Aim of the task: Starting with the line that has "Жилая комната имеет" in the records below and stopping after the line that has "Здесь вам гарантирован", output every line exactly and nothing else; skip pictures.

Given records:
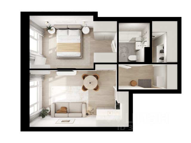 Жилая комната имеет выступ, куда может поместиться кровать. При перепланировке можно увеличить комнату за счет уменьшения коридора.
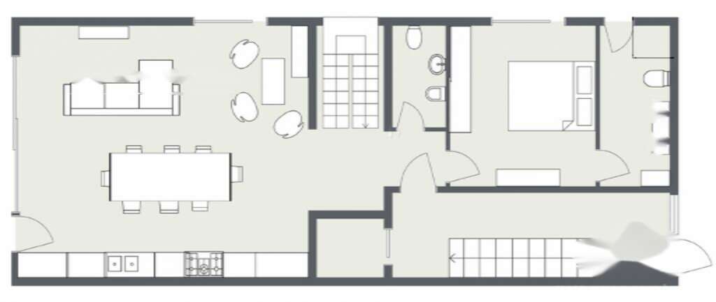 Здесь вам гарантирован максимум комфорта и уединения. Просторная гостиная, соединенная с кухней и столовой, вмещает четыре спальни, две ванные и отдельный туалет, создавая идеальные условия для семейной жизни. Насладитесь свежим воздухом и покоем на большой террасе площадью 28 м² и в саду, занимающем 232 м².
* * *
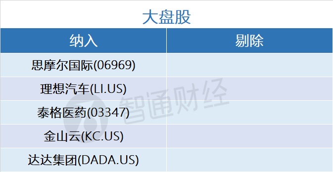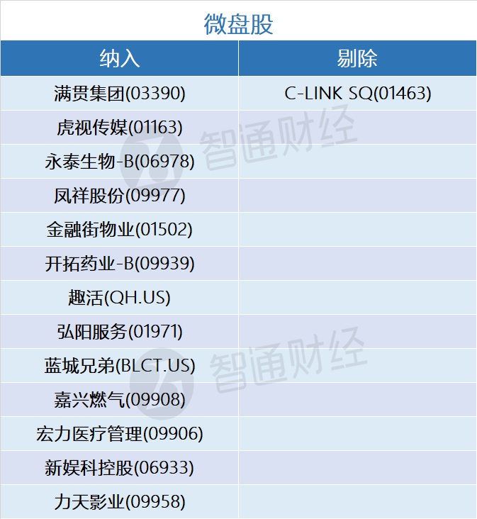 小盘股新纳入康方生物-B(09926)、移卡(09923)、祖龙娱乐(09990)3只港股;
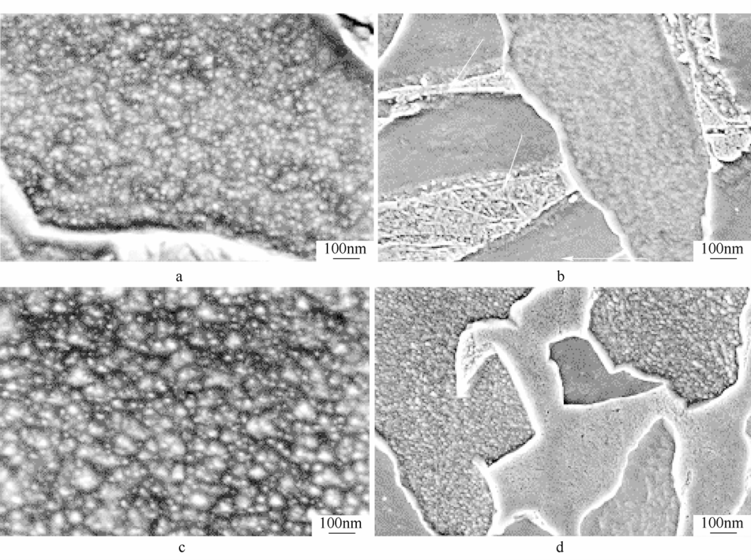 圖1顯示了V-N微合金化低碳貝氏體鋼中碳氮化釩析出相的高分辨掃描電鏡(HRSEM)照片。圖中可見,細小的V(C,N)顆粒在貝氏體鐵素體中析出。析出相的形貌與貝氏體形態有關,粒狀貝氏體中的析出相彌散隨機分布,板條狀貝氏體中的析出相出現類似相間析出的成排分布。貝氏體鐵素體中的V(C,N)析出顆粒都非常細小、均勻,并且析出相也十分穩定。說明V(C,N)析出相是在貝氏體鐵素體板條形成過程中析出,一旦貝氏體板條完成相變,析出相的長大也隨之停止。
---
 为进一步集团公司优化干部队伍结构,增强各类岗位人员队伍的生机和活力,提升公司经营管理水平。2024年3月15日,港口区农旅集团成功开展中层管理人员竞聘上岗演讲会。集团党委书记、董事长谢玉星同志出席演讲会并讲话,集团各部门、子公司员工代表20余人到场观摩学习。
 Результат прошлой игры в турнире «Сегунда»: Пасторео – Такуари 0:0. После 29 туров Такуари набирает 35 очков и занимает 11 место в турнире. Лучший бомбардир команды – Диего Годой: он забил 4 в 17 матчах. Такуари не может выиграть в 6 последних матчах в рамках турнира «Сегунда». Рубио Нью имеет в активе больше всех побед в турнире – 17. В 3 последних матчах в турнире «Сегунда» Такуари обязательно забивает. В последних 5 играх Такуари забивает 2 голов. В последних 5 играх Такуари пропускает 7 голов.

Solution to this problem:
 Жилая комната имеет выступ, куда может поместиться кровать. При перепланировке можно увеличить комнату за счет уменьшения коридора.
 Здесь вам гарантирован максимум комфорта и уединения. Просторная гостиная, соединенная с кухней и столовой, вмещает четыре спальни, две ванные и отдельный туалет, создавая идеальные условия для семейной жизни. Насладитесь свежим воздухом и покоем на большой террасе площадью 28 м² и в саду, занимающем 232 м².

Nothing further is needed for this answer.